- **Data supplied**
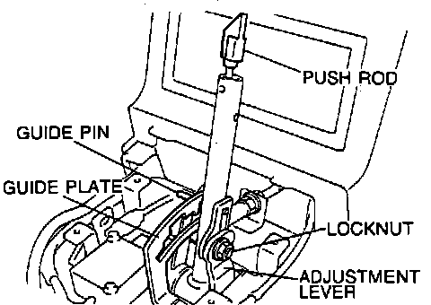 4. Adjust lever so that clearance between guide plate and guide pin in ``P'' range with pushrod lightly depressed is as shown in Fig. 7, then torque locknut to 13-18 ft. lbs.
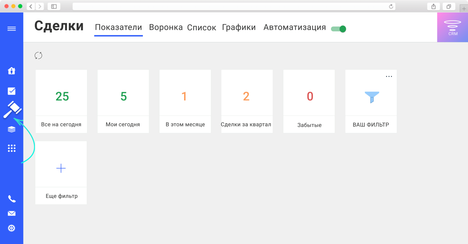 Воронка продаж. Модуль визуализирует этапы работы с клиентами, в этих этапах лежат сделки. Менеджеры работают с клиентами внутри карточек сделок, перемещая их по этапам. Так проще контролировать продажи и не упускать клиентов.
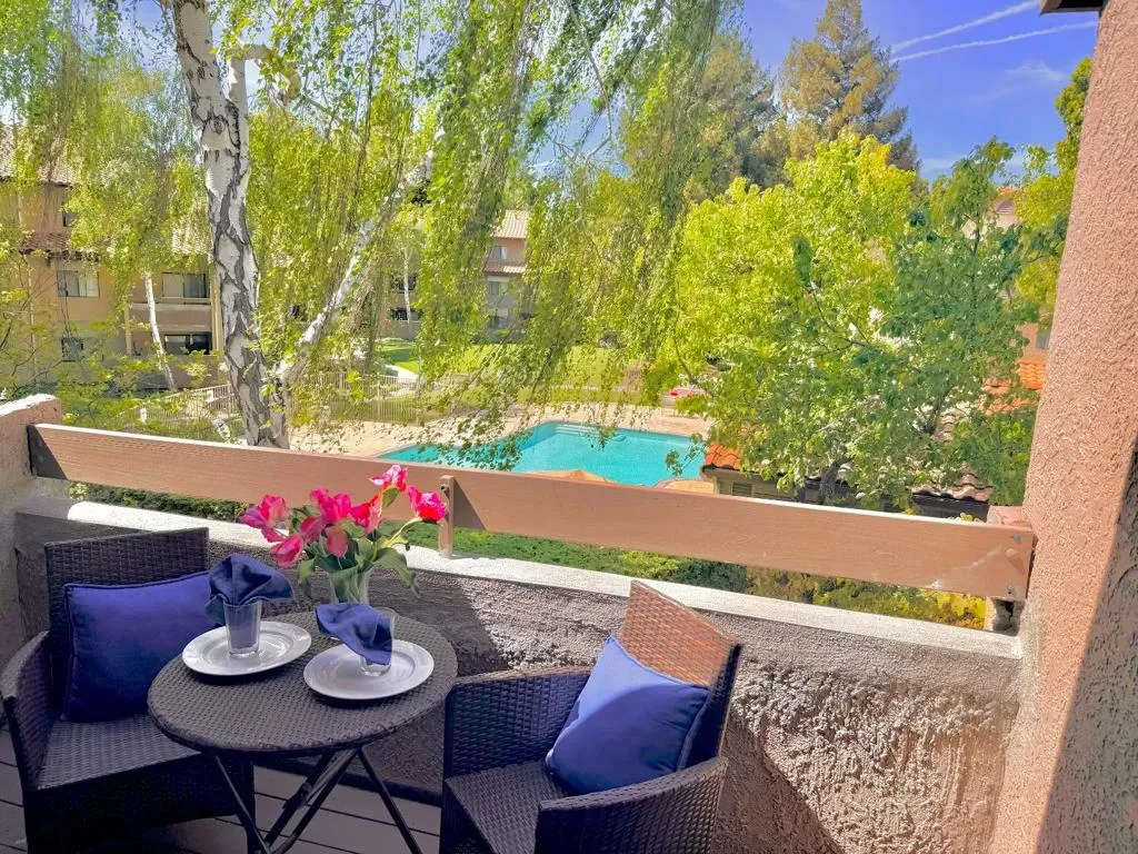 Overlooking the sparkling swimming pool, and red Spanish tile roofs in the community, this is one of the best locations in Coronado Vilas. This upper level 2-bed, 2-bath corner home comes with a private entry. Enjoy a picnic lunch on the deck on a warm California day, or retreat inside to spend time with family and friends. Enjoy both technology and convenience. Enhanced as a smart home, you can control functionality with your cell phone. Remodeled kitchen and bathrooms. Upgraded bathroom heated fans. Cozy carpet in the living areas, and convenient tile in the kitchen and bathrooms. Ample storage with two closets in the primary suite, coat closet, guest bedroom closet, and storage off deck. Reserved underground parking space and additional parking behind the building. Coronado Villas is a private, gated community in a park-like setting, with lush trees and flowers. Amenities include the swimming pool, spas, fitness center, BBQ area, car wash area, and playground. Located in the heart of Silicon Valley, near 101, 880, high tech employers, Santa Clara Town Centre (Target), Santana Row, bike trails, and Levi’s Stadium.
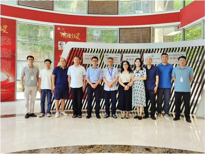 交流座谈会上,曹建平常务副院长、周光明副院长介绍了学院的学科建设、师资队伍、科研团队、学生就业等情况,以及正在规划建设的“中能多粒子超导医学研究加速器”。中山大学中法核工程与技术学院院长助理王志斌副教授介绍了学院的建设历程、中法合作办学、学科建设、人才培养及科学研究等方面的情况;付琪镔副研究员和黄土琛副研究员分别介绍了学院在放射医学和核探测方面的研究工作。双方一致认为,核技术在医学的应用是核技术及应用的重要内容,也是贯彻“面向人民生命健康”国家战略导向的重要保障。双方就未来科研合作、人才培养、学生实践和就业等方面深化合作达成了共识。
==
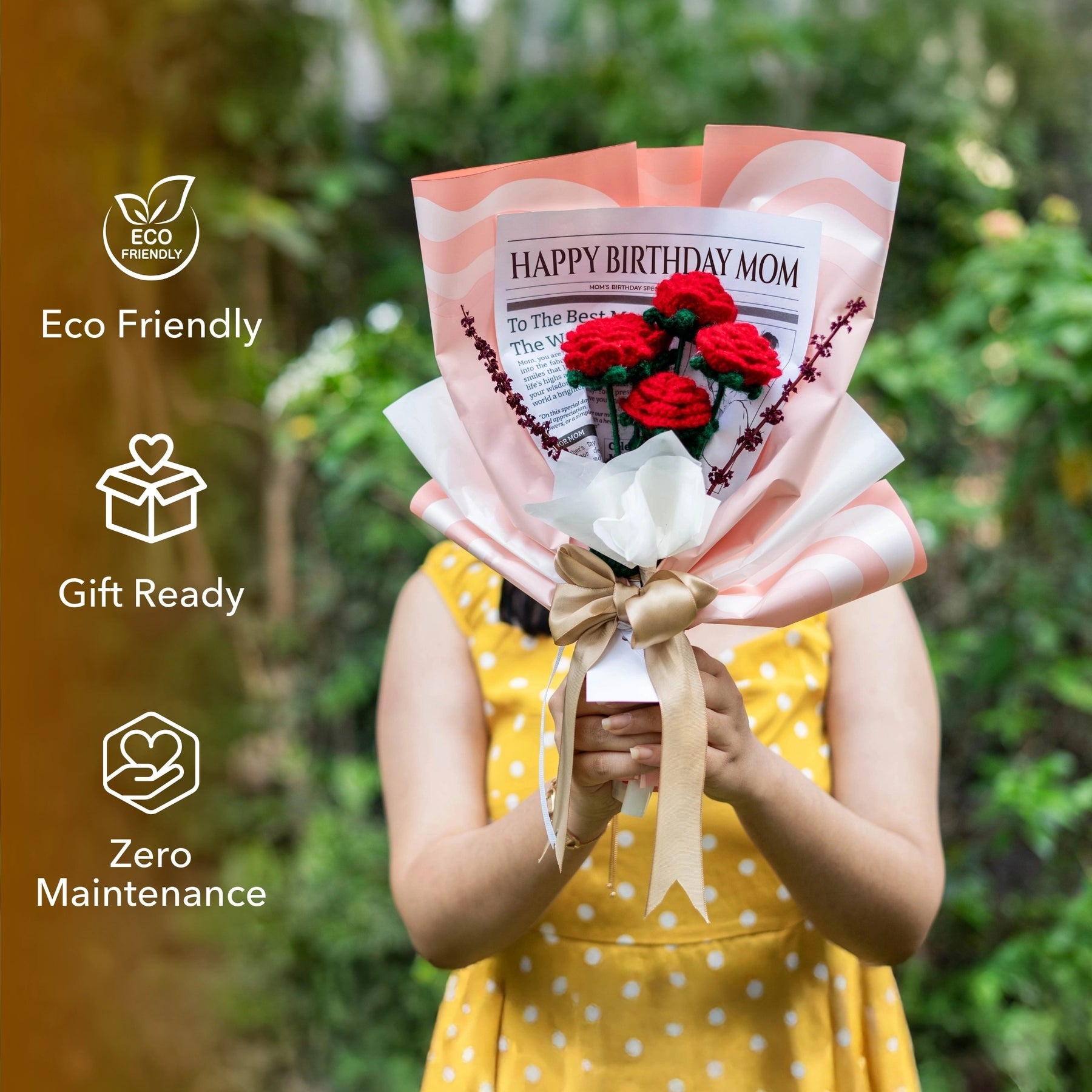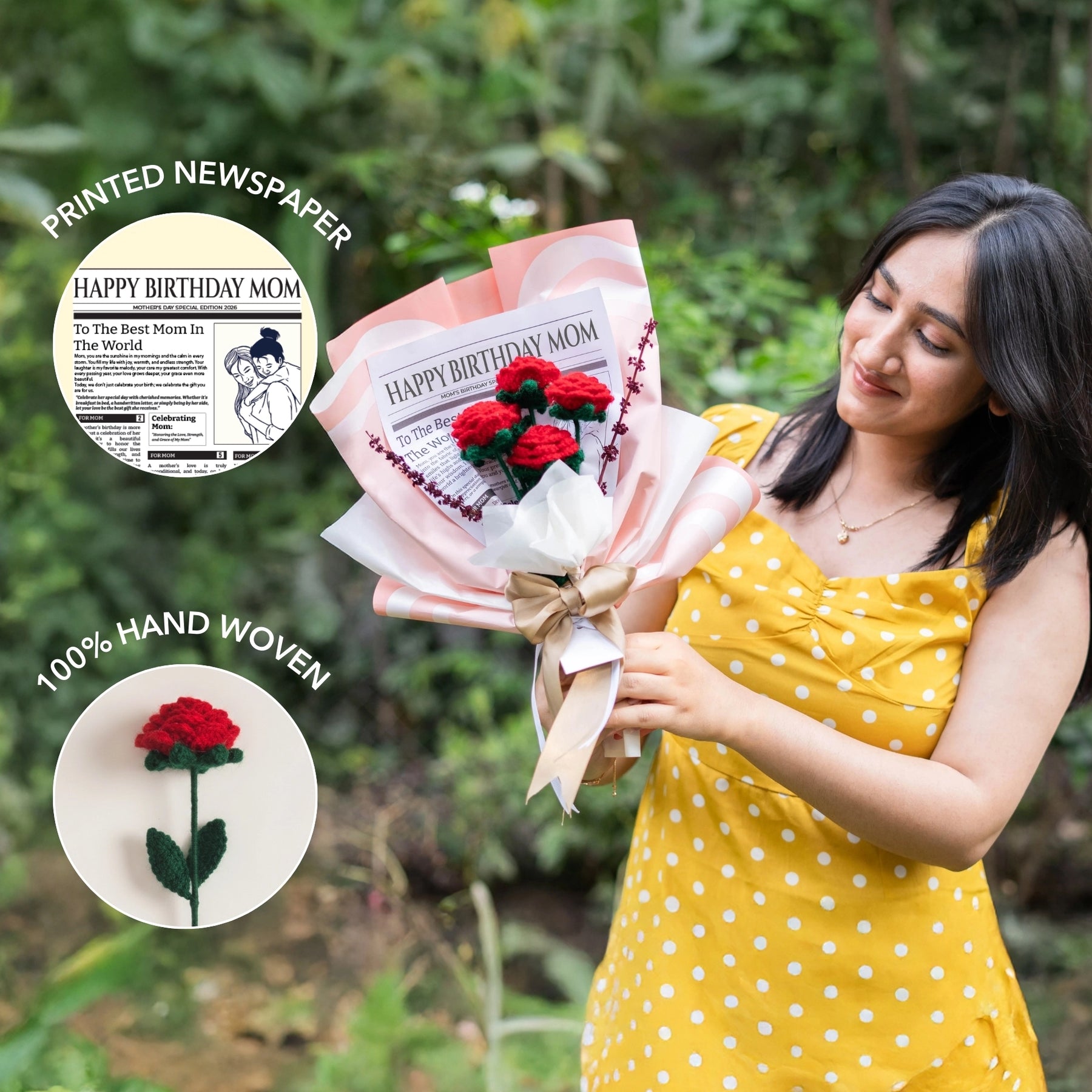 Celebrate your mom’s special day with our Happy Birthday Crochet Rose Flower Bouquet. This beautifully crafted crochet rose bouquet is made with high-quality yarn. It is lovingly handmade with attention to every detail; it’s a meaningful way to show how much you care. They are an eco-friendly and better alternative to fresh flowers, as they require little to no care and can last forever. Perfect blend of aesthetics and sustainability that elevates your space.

- **What is expected**
An exact copy is needed of the stretch above that opens with the line containing "4. Adjust lever" and closes with the line containing "Overlooking the sparkling"; the pictures are not part of it.

- **Written answer**
 4. Adjust lever so that clearance between guide plate and guide pin in ``P'' range with pushrod lightly depressed is as shown in Fig. 7, then torque locknut to 13-18 ft. lbs.
 Воронка продаж. Модуль визуализирует этапы работы с клиентами, в этих этапах лежат сделки. Менеджеры работают с клиентами внутри карточек сделок, перемещая их по этапам. Так проще контролировать продажи и не упускать клиентов.
 Overlooking the sparkling swimming pool, and red Spanish tile roofs in the community, this is one of the best locations in Coronado Vilas. This upper level 2-bed, 2-bath corner home comes with a private entry. Enjoy a picnic lunch on the deck on a warm California day, or retreat inside to spend time with family and friends. Enjoy both technology and convenience. Enhanced as a smart home, you can control functionality with your cell phone. Remodeled kitchen and bathrooms. Upgraded bathroom heated fans. Cozy carpet in the living areas, and convenient tile in the kitchen and bathrooms. Ample storage with two closets in the primary suite, coat closet, guest bedroom closet, and storage off deck. Reserved underground parking space and additional parking behind the building. Coronado Villas is a private, gated community in a park-like setting, with lush trees and flowers. Amenities include the swimming pool, spas, fitness center, BBQ area, car wash area, and playground. Located in the heart of Silicon Valley, near 101, 880, high tech employers, Santa Clara Town Centre (Target), Santana Row, bike trails, and Levi’s Stadium.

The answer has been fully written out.